PROVIDED MATERIAL –
□ □ □ □
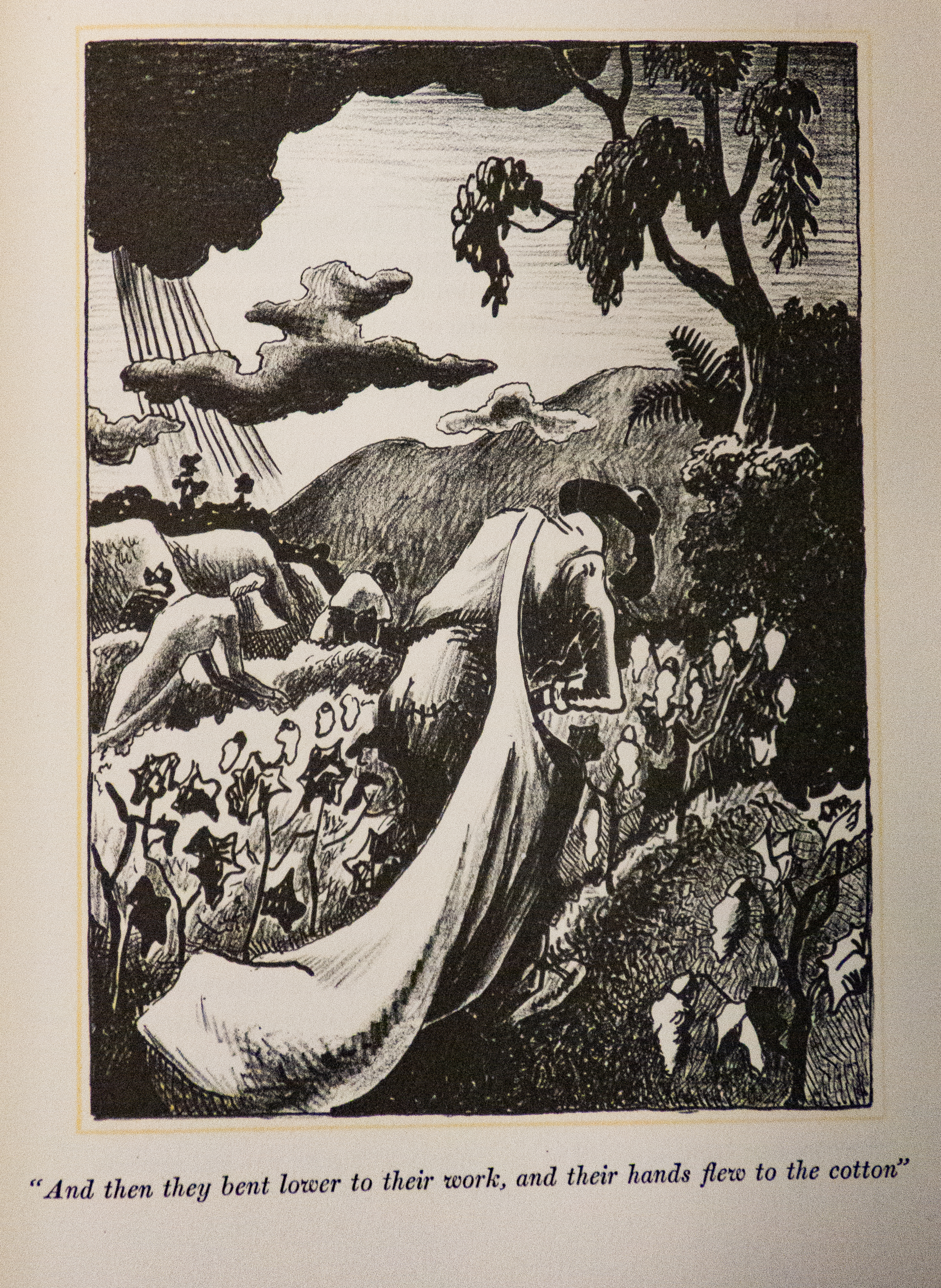 Workers picking cotton from The Grapes of Wrath, v.2,p.529, illustrated edition, by Thomas Hart Benton, a native of eastern Oklahoma, who was assigned to draw archetypal Oklahomans for 20th Century Fox as the studio believed that would make the casting more accurate. "And then they bent lower to their work, and their hands flew to the cotton." "Cotton pickers wanted-placards on the road, handbills out..." "Now the bag is heavy, boost it along, set your hips and tow it along, like a work horse."
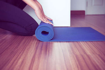 Woman hand rolling or folding blue yoga mat after a workout,Exercise equipment
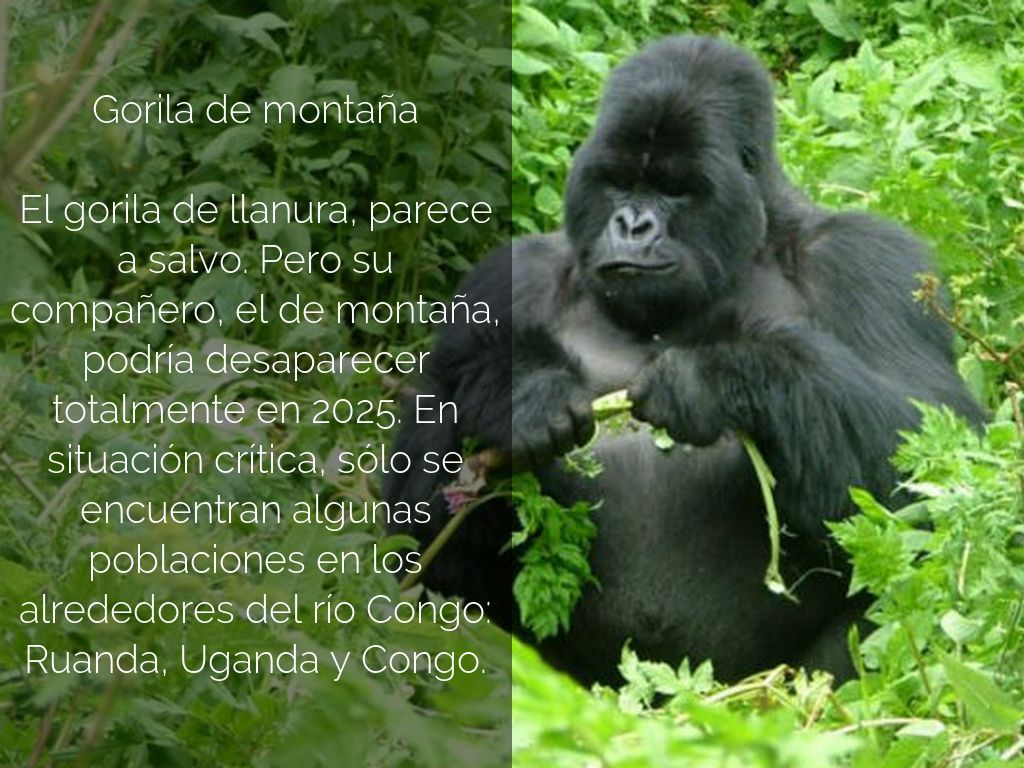 El gorila de llanura, parece a salvo. Pero su compañero, el de montaña, podría desaparecer totalmente en 2025. En situación crítica, sólo se encuentran algunas poblaciones en los alrededores del río Congo: Ruanda, Uganda y Congo.
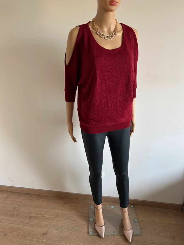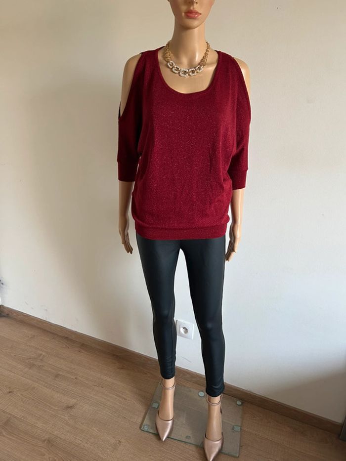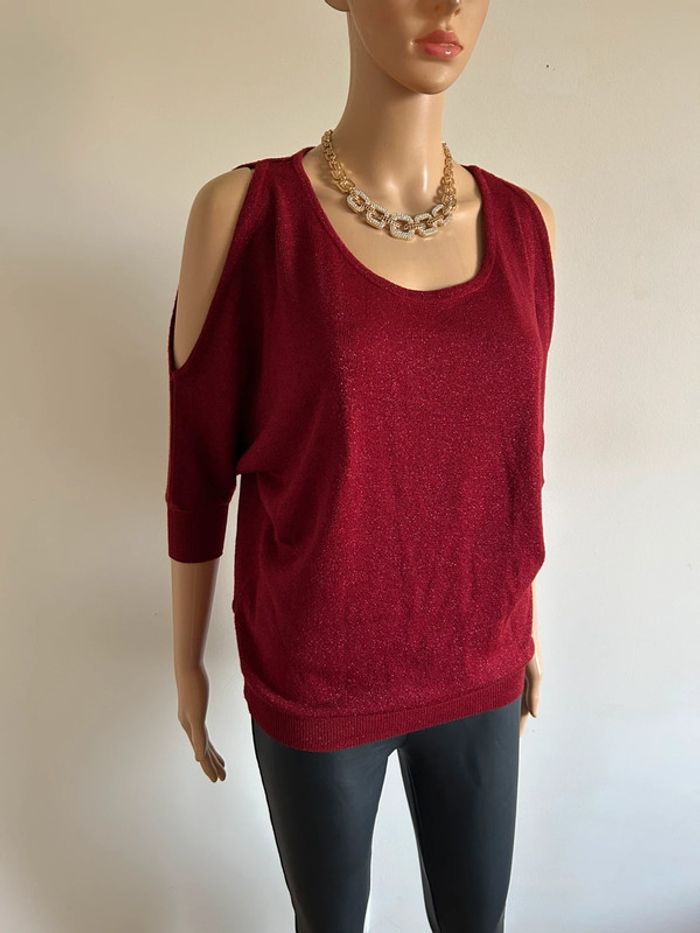 Pull rouge pailleté à manches courtes Morgan taille XS jamais porté - photo numéro 5
□ □ □ □
TASK BRIEF – Where pictures appear, skip them and transcribe all other material word for word.

SOLUTION FOR THIS EXERCISE –
 Workers picking cotton from The Grapes of Wrath, v.2,p.529, illustrated edition, by Thomas Hart Benton, a native of eastern Oklahoma, who was assigned to draw archetypal Oklahomans for 20th Century Fox as the studio believed that would make the casting more accurate. "And then they bent lower to their work, and their hands flew to the cotton." "Cotton pickers wanted-placards on the road, handbills out..." "Now the bag is heavy, boost it along, set your hips and tow it along, like a work horse."
 Woman hand rolling or folding blue yoga mat after a workout,Exercise equipment
 El gorila de llanura, parece a salvo. Pero su compañero, el de montaña, podría desaparecer totalmente en 2025. En situación crítica, sólo se encuentran algunas poblaciones en los alrededores del río Congo: Ruanda, Uganda y Congo.
 Pull rouge pailleté à manches courtes Morgan taille XS jamais porté - photo numéro 5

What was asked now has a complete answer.